= Tropical Fantasy =

American soft drink

Tropical Fantasy is an inexpensive soft-drink, originally from Brooklyn, New York. Its low price of 49¢ per 21-ounce bottle led to its success in the 1990s. Tropical Fantasy was initially popular in inner city areas. The company did not employ large marketing campaigns and used simple store displays and low prices to sell its drinks. This made the product almost invisible to consumers not living in areas where the beverages were sold.
Tropical Fantasy is bottled by a small family-owned soft-drink manufacturer called Brooklyn Bottling Group, which has bottled seltzers since 1936. In 1990, with its debut of the Tropical Fantasy line, the soft-drinks became an overnight success. It now bottles over $2 million each month in sales.

==Juice Cocktails==
- Apple Juice
- Blue Raspberry
- Citrus Delight
- Fruit Punch
- Grape
- Kiwi Strawberry
- Lemon Iced Tea
- Mandarin Orange
- Mean Green Lemonade
- Passion Fruit
- Piña Colada
- Raspberry Rush
- Strawberry Lemonade
- Lemonade
- Cherry blue lemonade

==Soft Drinks==
- Black Cherry
- Champagne Kola
- Coconut
- Cola
- Cotton Candy
- Flite
- Ginger Ale
- Golden Fruit Champagne
- Grape Drink
- Island Punch Finisher
- Kool Kombucha Kooler
- Lemon 'n Lime
- Mango
- Mountain Rush
- Orange
- Pineapple
- Watermelon
- Wild Blue Cherry
- Wild Pink Strawberry
- Sweet Tea

==African-American conspiracy theory==
In April 1991, rumors began circulating in Black neighborhoods that the beverage was laced with a secret ingredient that would sterilize black men. The beverage quickly earned the nickname "Tropical Fanticide." The rumors claimed that the Ku Klux Klan was actually bottling the product and using the low price to attract poor citizens. Similar unfounded rumors about Klan involvement periodically have plagued the Church's Fried Chicken chain and Snapple soft drinks.

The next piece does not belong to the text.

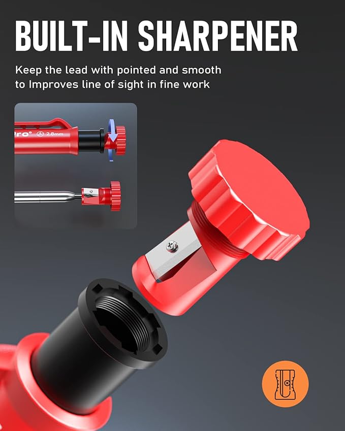 - Carpenter Pencils with Sharpener: The sharpener is screwed into the top of the work pencil, which won't get lost either and your mechanical carpenter pencil will be sharpened for nice precision
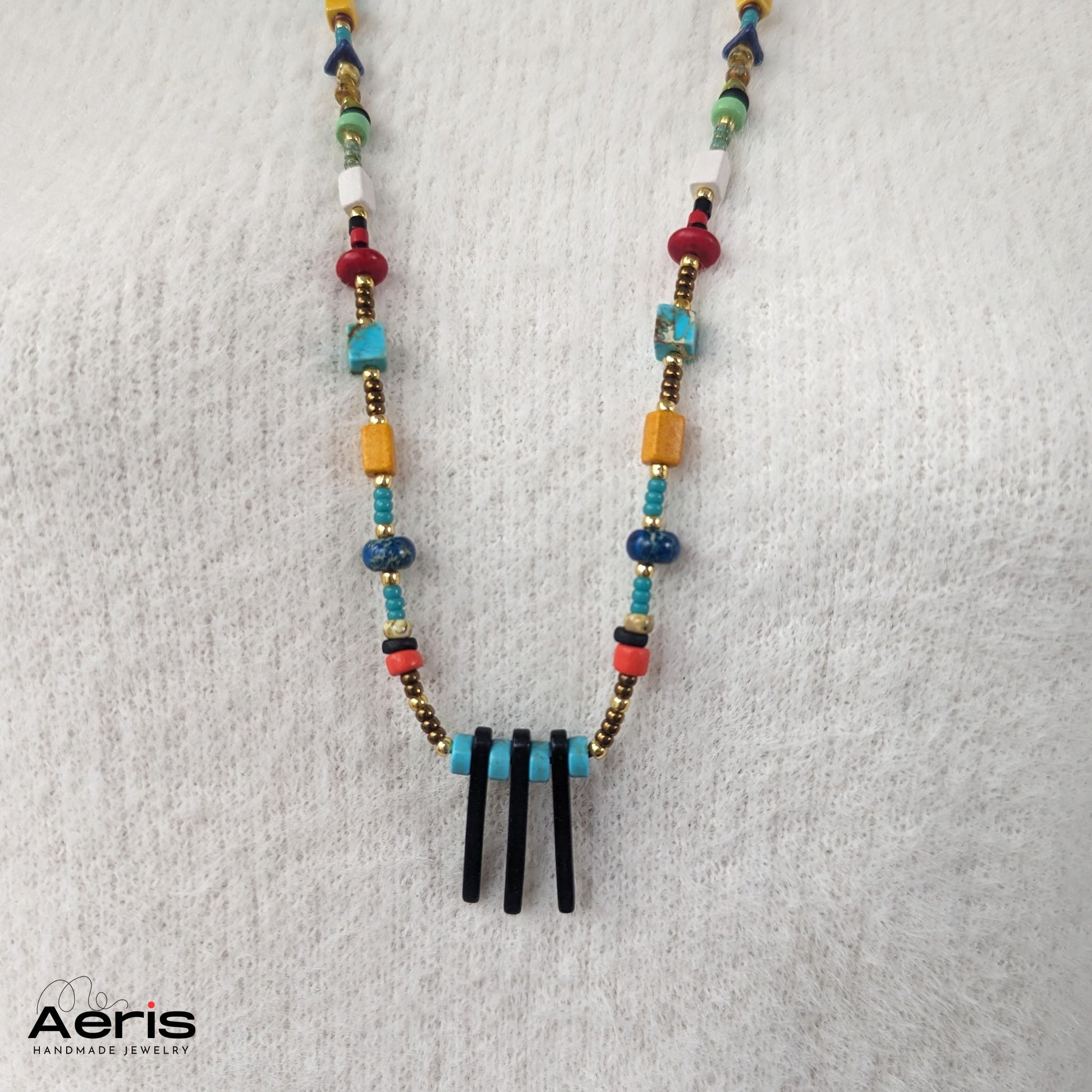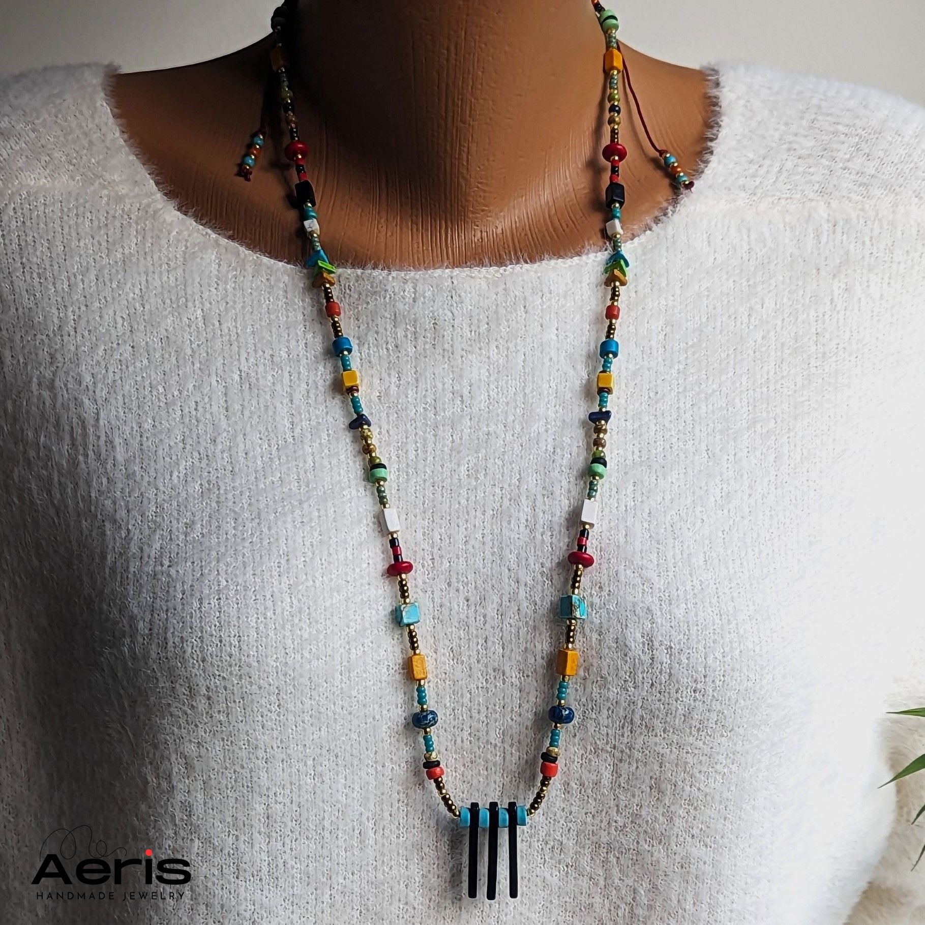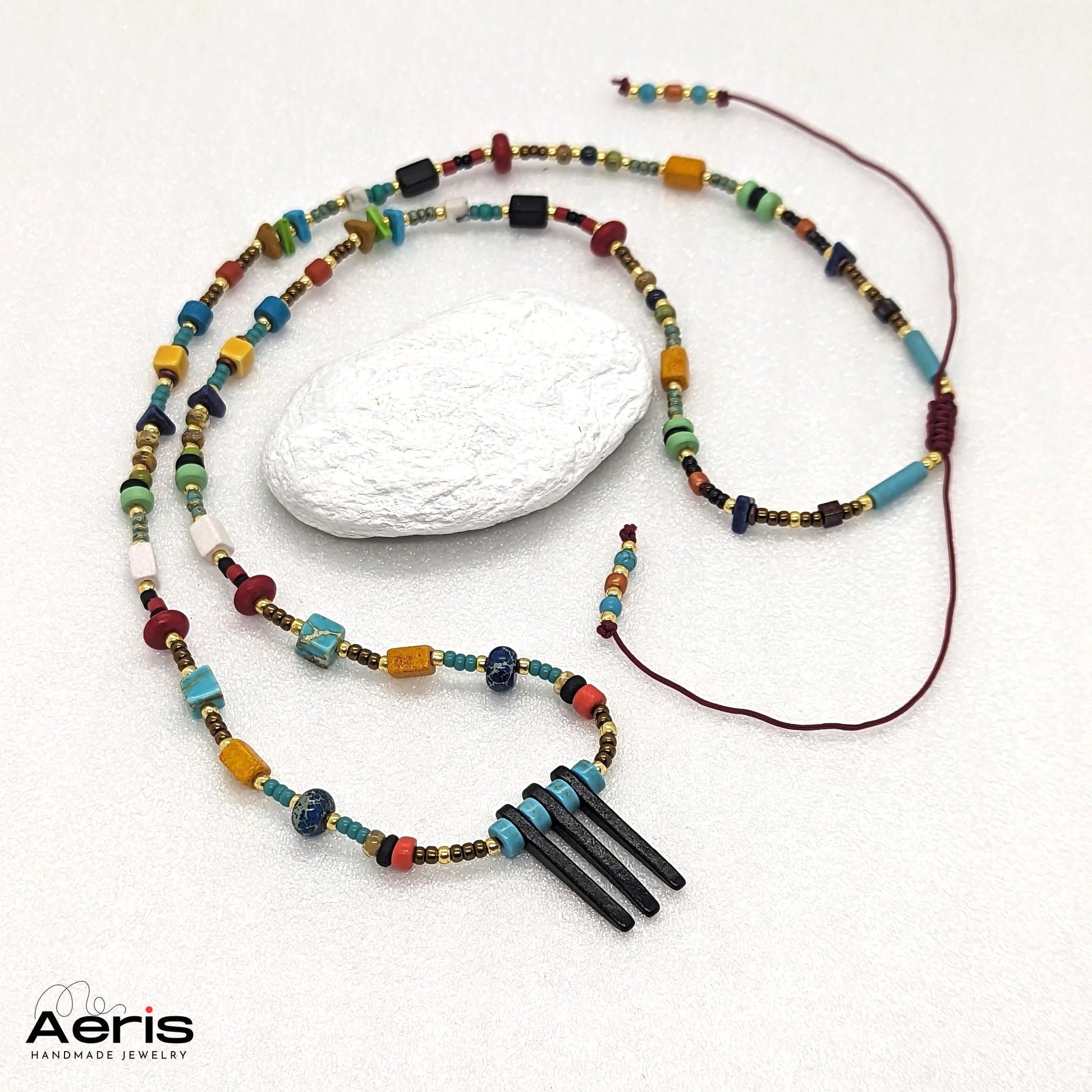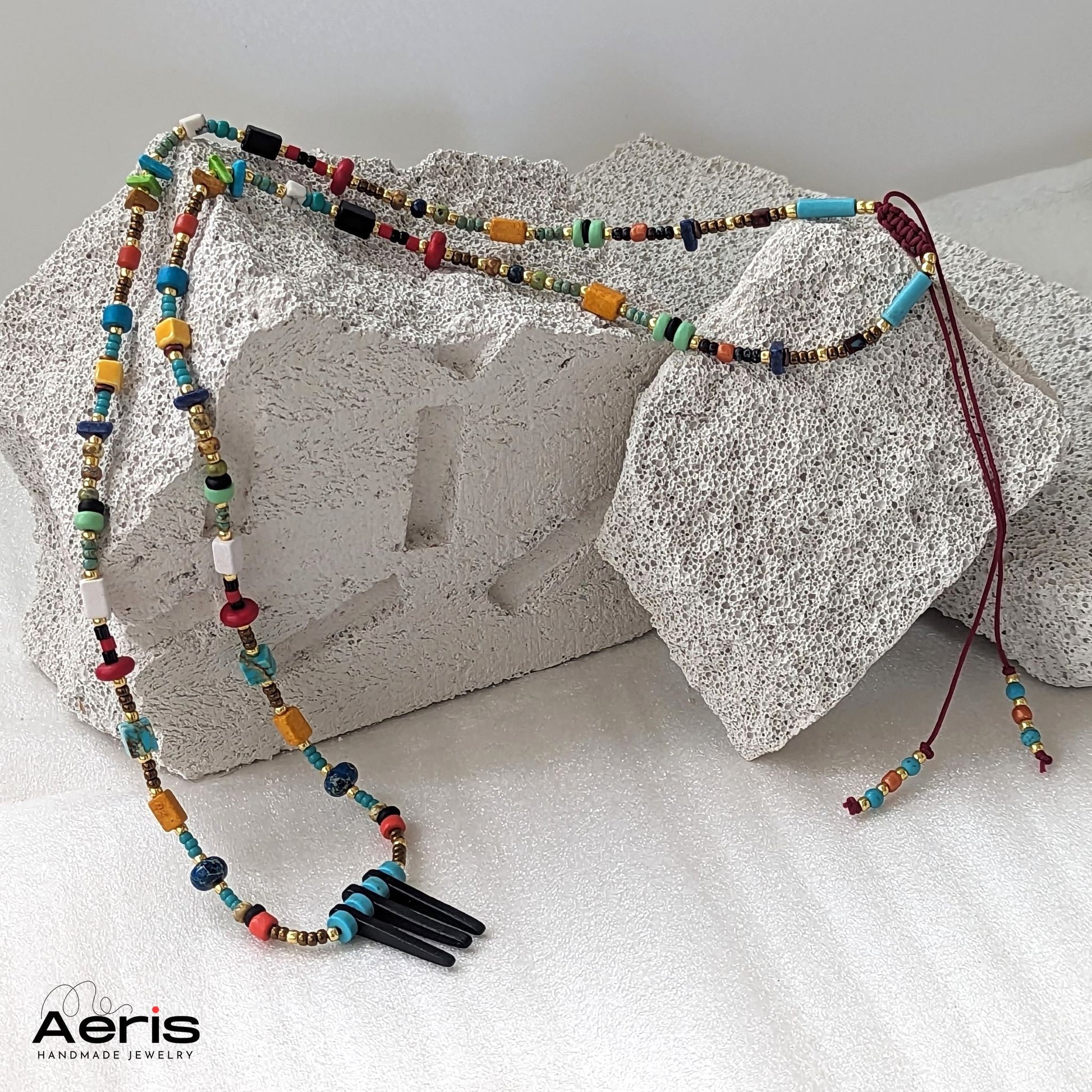 Exprima-ti spiritul boem cu acest colier realizat din margele de ceramica si semipretioase, margele spacer Miyuki placate cu aur de 24k si margele de nisip egale ca forma si marime. Margelele sunt inserate pe un snur foarte rezistent, incheiat la spate printr-o impletitura tip macrame, realizata tot din snur.

Later that year the rumor spread rapidly and provoked violence in many city neighborhoods. Attacks occurred on delivery trucks and storekeepers who stocked Tropical Fantasy. Due to these rumors and rising suspicions, sales of the beverage plummeted by 70%.

Investigations found the claims to be as preposterous. Sales recovered only after an extensive public relations campaign that included then-New York City Mayor David N. Dinkins, (who was Black) drinking a bottle of the soda for television news cameras.

By mid June 1991 the attacks had stopped and the sales had rebounded, but the dark rumors about Tropical Fantasy were not forgotten. Even today, the rumors are still circulating. Many young teenagers refer to the beverages as "Bummies" and "Nutties", mainly due to the rumor that it kills sperm. This is not however limited to the Tropical Fantasy beverage. Other beverages such as "City Club", "Top Pop", and "C&C", are ridiculed in exactly the same way.